WORK INSTRUCTIONS:
Reproduce the entries below exactly, but only from the line containing "丸ノ内線四谷三丁目駅から新宿" to the line containing "株式会社エイチ・アイ・エス(本社:東京都", inclusive.

RECORDS PROVIDED:

- - - - - - -

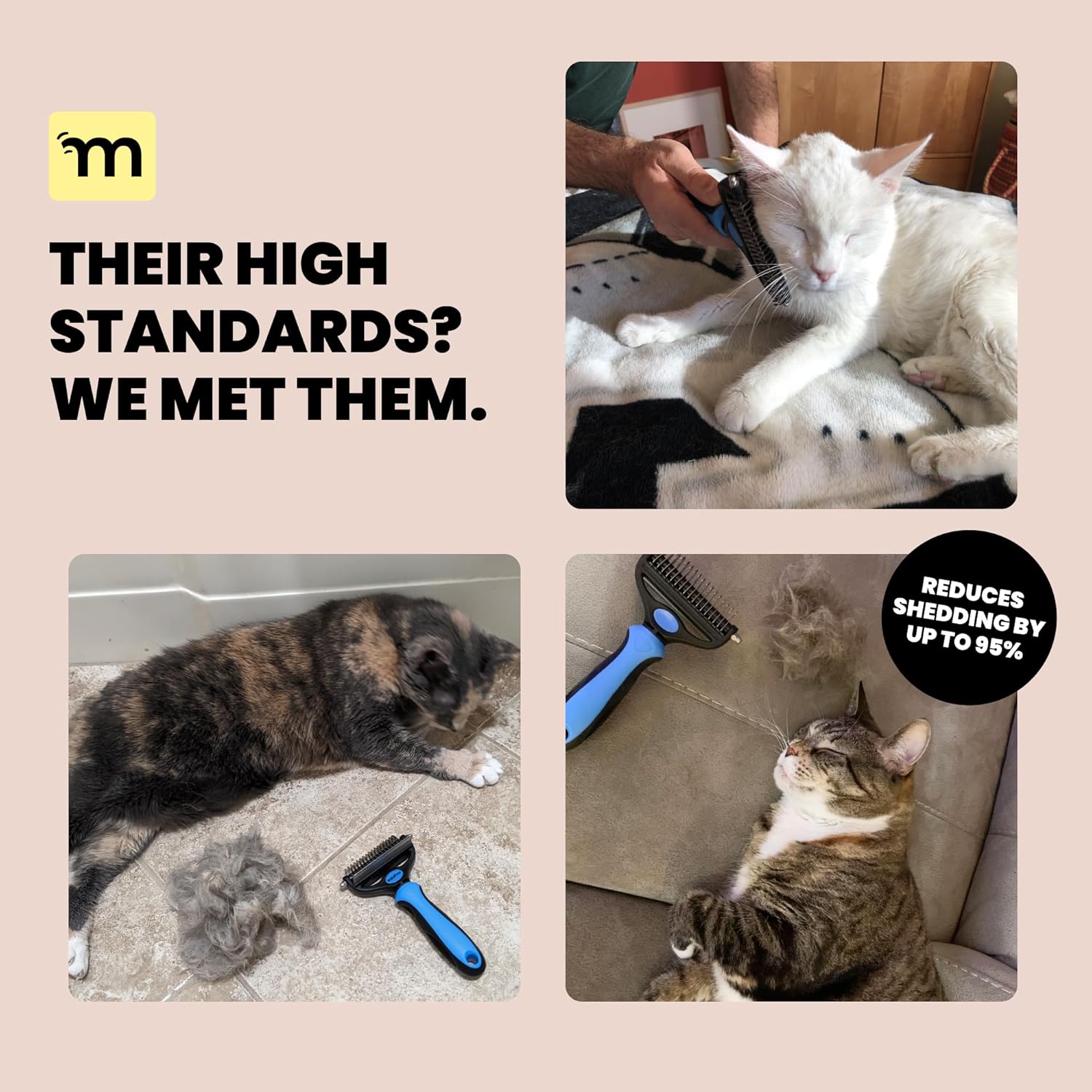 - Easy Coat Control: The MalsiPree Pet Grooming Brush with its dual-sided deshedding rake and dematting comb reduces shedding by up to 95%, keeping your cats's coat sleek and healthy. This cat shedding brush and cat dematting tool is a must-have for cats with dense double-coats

- - - - - - -

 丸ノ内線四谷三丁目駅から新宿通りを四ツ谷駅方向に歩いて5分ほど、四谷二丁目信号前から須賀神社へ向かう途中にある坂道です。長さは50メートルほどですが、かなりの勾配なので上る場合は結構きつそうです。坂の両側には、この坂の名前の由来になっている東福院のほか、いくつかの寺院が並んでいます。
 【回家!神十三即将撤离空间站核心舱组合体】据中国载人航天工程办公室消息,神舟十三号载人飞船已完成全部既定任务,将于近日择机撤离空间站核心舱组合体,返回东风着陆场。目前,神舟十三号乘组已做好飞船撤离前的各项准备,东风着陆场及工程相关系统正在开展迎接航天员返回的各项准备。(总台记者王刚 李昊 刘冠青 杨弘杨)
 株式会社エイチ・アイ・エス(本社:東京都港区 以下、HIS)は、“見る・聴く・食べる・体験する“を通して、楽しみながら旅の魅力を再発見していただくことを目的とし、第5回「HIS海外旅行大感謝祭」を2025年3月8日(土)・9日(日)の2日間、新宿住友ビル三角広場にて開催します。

- - - - - - -

WRITTEN REPLY:
 丸ノ内線四谷三丁目駅から新宿通りを四ツ谷駅方向に歩いて5分ほど、四谷二丁目信号前から須賀神社へ向かう途中にある坂道です。長さは50メートルほどですが、かなりの勾配なので上る場合は結構きつそうです。坂の両側には、この坂の名前の由来になっている東福院のほか、いくつかの寺院が並んでいます。
 【回家!神十三即将撤离空间站核心舱组合体】据中国载人航天工程办公室消息,神舟十三号载人飞船已完成全部既定任务,将于近日择机撤离空间站核心舱组合体,返回东风着陆场。目前,神舟十三号乘组已做好飞船撤离前的各项准备,东风着陆场及工程相关系统正在开展迎接航天员返回的各项准备。(总台记者王刚 李昊 刘冠青 杨弘杨)
 株式会社エイチ・アイ・エス(本社:東京都港区 以下、HIS)は、“見る・聴く・食べる・体験する“を通して、楽しみながら旅の魅力を再発見していただくことを目的とし、第5回「HIS海外旅行大感謝祭」を2025年3月8日(土)・9日(日)の2日間、新宿住友ビル三角広場にて開催します。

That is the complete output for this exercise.